Mainland chipmakers face surge in staff turnover, wages

PUBLISHED : Thursday, 18 November, 2010, 12:00am
UPDATED : Thursday, 18 November, 2010, 12:00am

While China's semiconductor consumption grows, chip companies on the mainland face increased pressure from high staff turnover and escalating labour costs, according to PricewaterhouseCoopers (PwC).

A new PwC industry survey found mainland semiconductor firms experienced annual employee turnover rates of 10 to 80 per cent, with a median of about 29 per cent.

Raman Chitkara, PwC's global technology industry leader, said the mainland sector employed 'about 300,000 staff or 29 per cent of the global semiconductor workforce'.

Multinational chip companies, which run the mainland's biggest semiconductor operations and employ the largest numbers of staff, described the rate of turnover as higher than any they had encountered outside the country, the PwC report said.

It has not always been that way. Data from the National Bureau of Statistics showed the overall average staff turnover in the country was relatively consistent during the first half of this decade, averaging less than 14 per cent per year.

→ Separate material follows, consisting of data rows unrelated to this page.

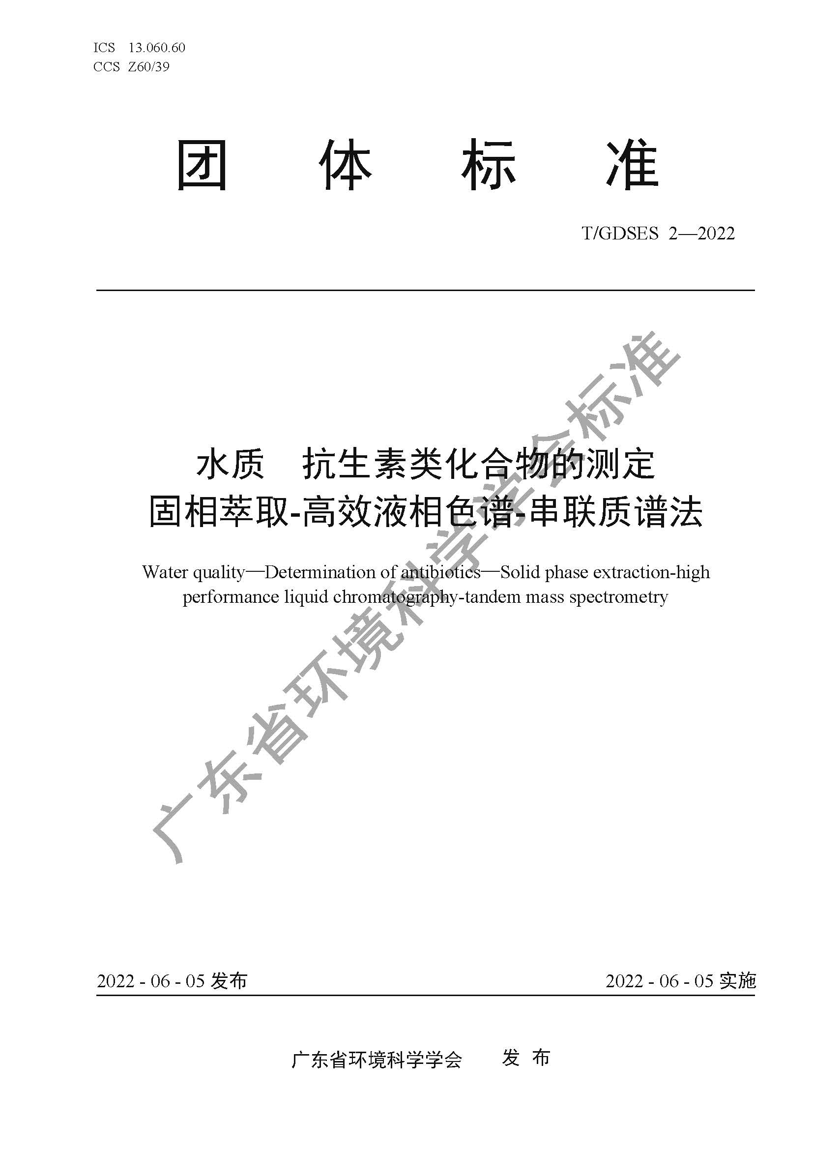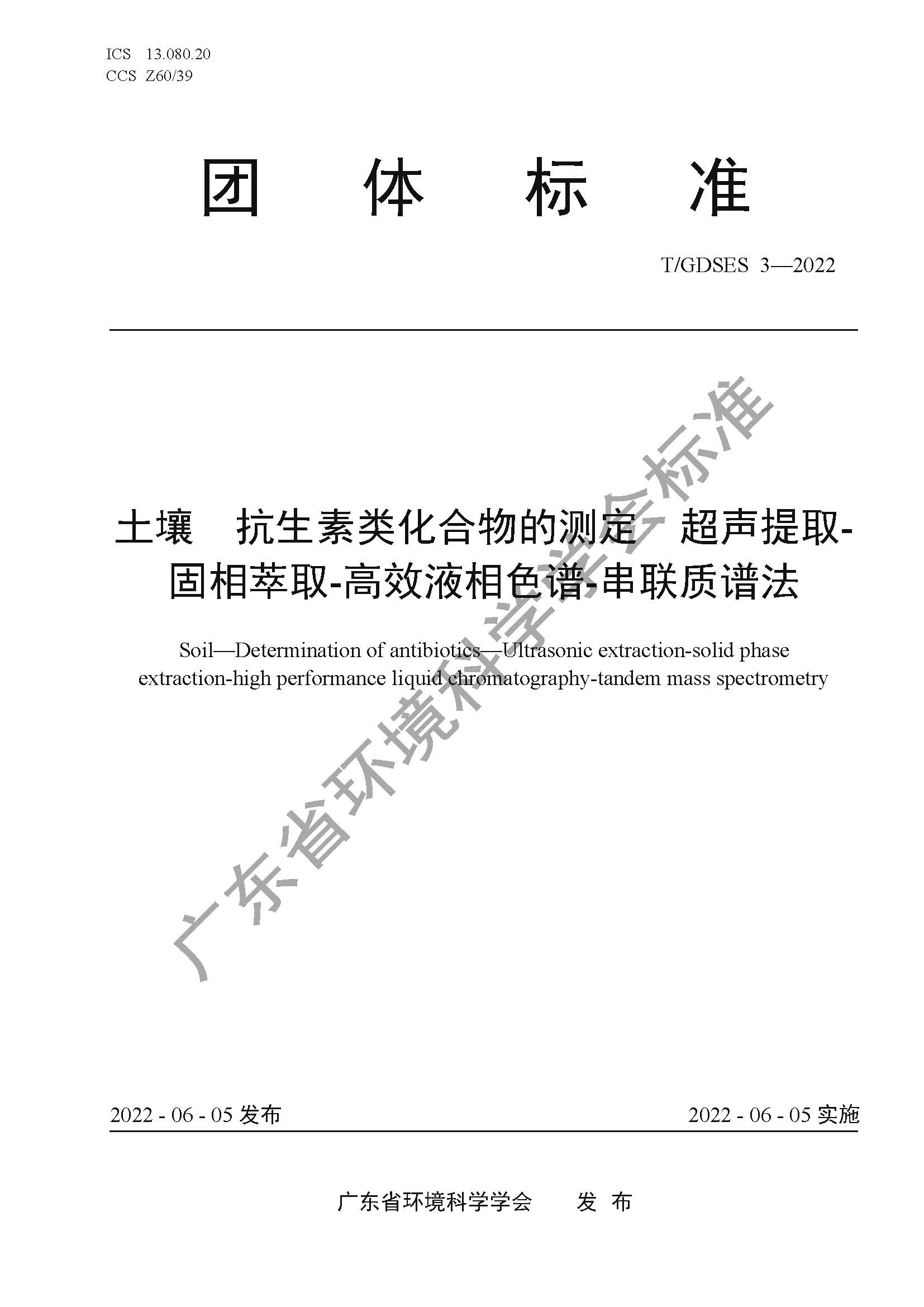 根据《团体标准管理规定》(国标委联〔2019〕1号)和《广东省环境科学学会标准管理办法(试行)》(粤环学〔2020〕7号)的相关规定,广东省环境科学学会批准《水质 抗生素类化合物的测定 固相萃取-高效液相色谱-串联质谱法》(T/GDSES 2—2022)、《土壤 抗生素类化合物的测定 超声提取-固相萃取-高效液相色谱-串联质谱法》(T/GDSES 3—2022)标准,现予发布。 以上标准自2022年6月5日起实施。 特此公告。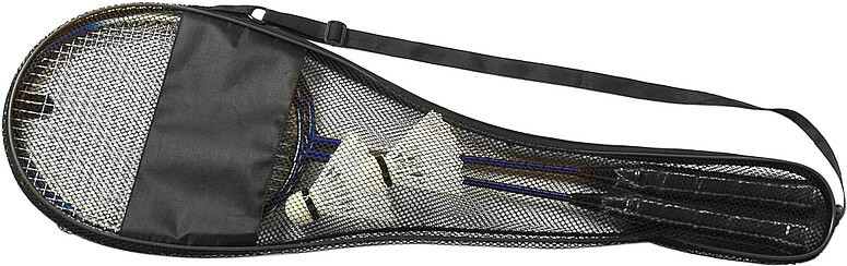 Kovový bedmintonový set skládající se ze dvou raket s ocelovými rámy a plastovými držadly, dvou raketoplánů a černého síťového pouzdra s ramenním popruhem.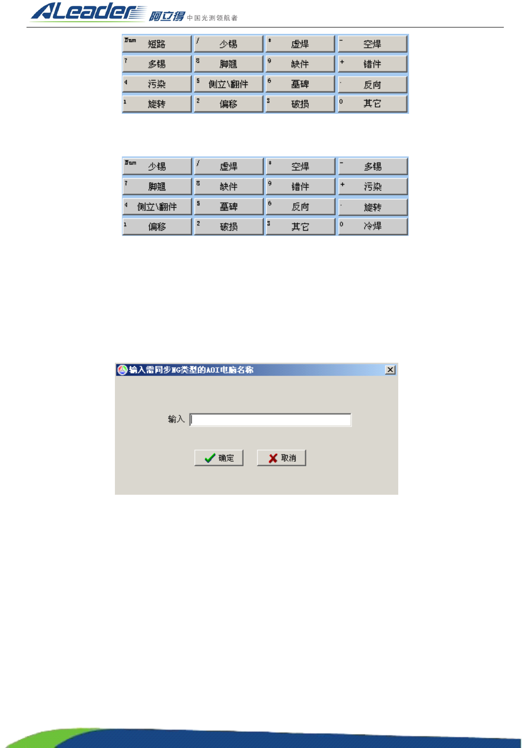 ⑶ 同步 NG :点击同步 NG 按钮后,会要求输入需同步 NG 类型的 AOI 电脑名称,成功输入后,本机

But since 2006, that had increased to almost 18 per cent.

Chip companies saw rising labour costs affecting employee turnover rates as workers nationwide sought higher pay, the PwC report said.

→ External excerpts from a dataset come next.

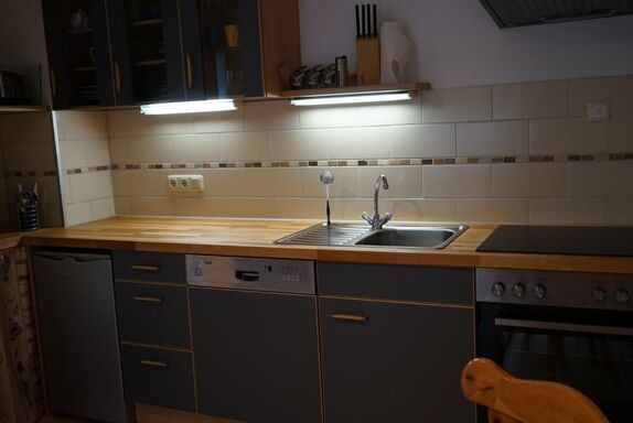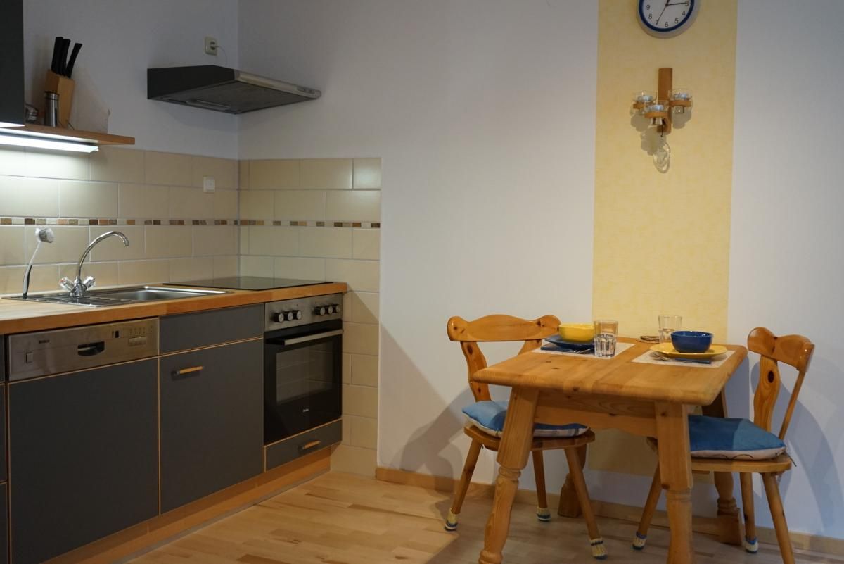 Desweiteren verfügt die Wohnung über einen Wohnessbereich mit einer schönen Küchenzeile plus Esstisch. Diese ist vollausgestattet mit Geschirrspüler (inkl. Reiniger), Kaffeemaschine, Toaster, Mikrowelle, Wasserkocher etc.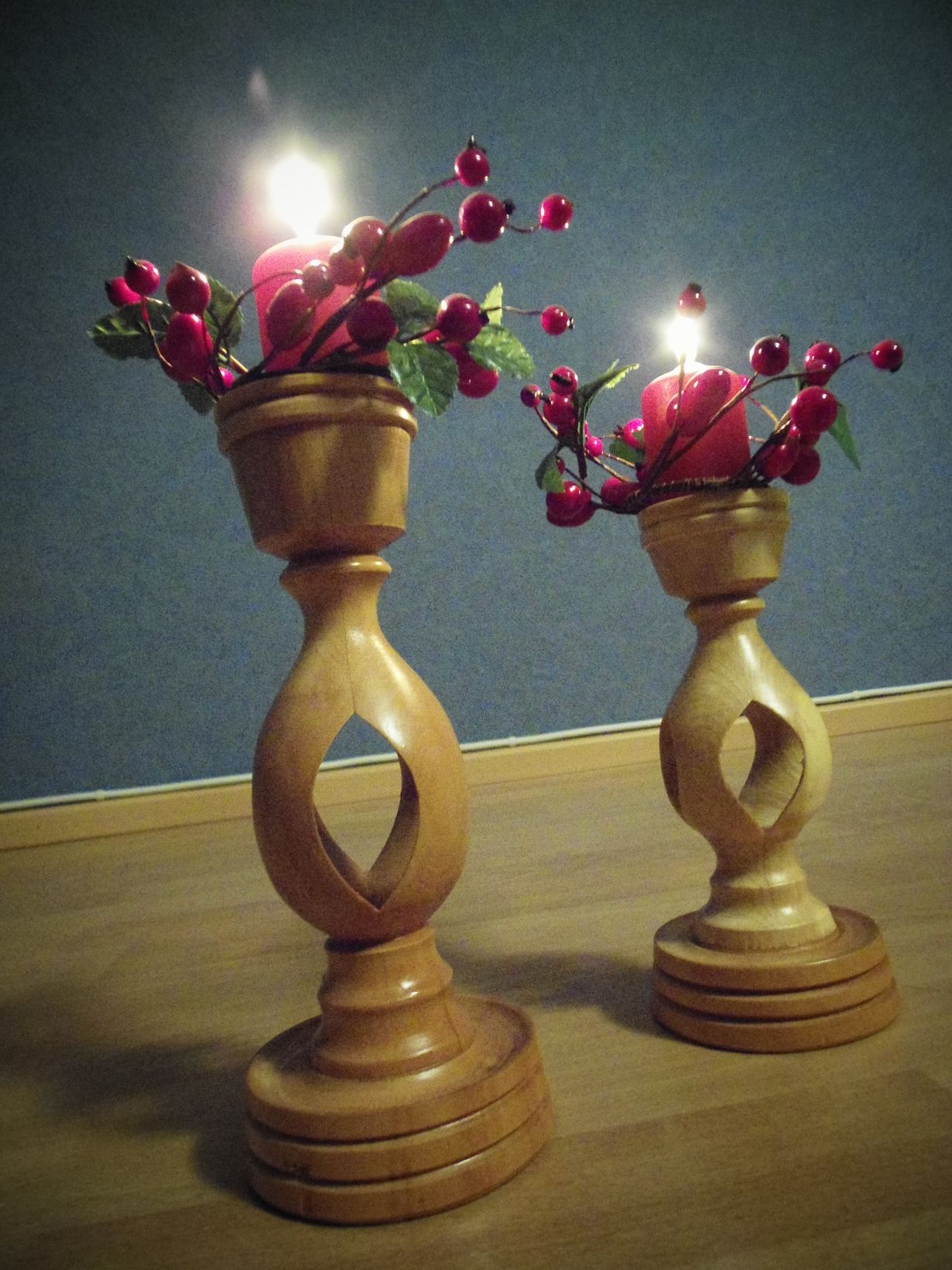 Joulupukki yllätti vuonna 2007 kauniilla ja uniikeilla puisilla kynttilänjaloilla. Mestarisorvaajana toimi Ensio Ukkonen, Ruoveden Väärinmajasta.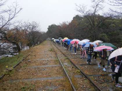 まず蹴上駅で降り,「ねじりまんぼ」を見て,インクラインを上がっていきます。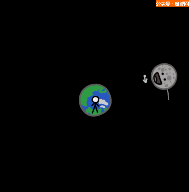 我们在地球上看月亮就变成这样了: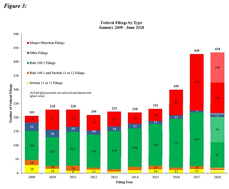 As shown in Figure 3, 109 “merger objection” cases have been filed in federal court in the first half of 2018 alone—continuing a high rate of such filings from 2017, which saw a drastic increase in the number of such cases over previous years. If the 2018 pace continues, this year will see an increase both in the total number of these cases filed in federal court and in the percentage of federal filings that are merger objection filings.

Minimum wage increases of 20 per cent had been put into effect in at least 18 provinces since February.

The PwC report said the pool of available labour for the semiconductor industry had also been affected by the 'combination of a demographic shift, caused by 30 years of the mainland's one-child policy, and increasing university enrolments'.

Despite those issues, the industry was faring better than some.

'China's semiconductor consumption, which reached US$101 billion last year, is weathering the global recession better than any other regional market,' said Alison Wong, an assurance partner at PwC China.